_Exercise requirements_:
Each line of the data below should be restated exactly, with images left out.

_Data section_:
━━━━━━━━━━━━━━━━
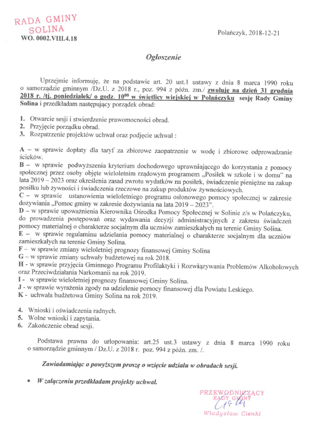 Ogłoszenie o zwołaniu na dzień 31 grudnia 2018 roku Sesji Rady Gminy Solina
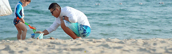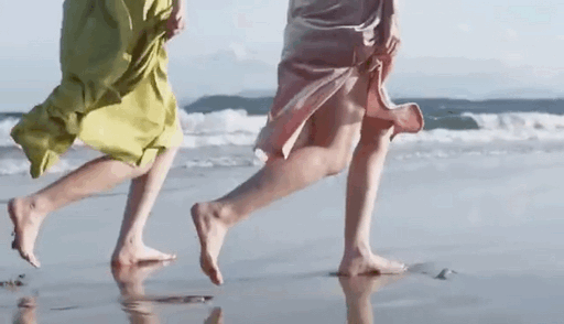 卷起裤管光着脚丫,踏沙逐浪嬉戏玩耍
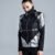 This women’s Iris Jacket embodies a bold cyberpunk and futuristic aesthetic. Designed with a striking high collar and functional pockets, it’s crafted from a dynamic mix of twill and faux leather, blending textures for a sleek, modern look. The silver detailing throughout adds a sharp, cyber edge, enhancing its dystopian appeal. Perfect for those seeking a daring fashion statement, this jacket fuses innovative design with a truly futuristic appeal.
━━━━━━━━━━━━━━━━
_Answer to this exercise_:
 Ogłoszenie o zwołaniu na dzień 31 grudnia 2018 roku Sesji Rady Gminy Solina
 卷起裤管光着脚丫,踏沙逐浪嬉戏玩耍
 This women’s Iris Jacket embodies a bold cyberpunk and futuristic aesthetic. Designed with a striking high collar and functional pockets, it’s crafted from a dynamic mix of twill and faux leather, blending textures for a sleek, modern look. The silver detailing throughout adds a sharp, cyber edge, enhancing its dystopian appeal. Perfect for those seeking a daring fashion statement, this jacket fuses innovative design with a truly futuristic appeal.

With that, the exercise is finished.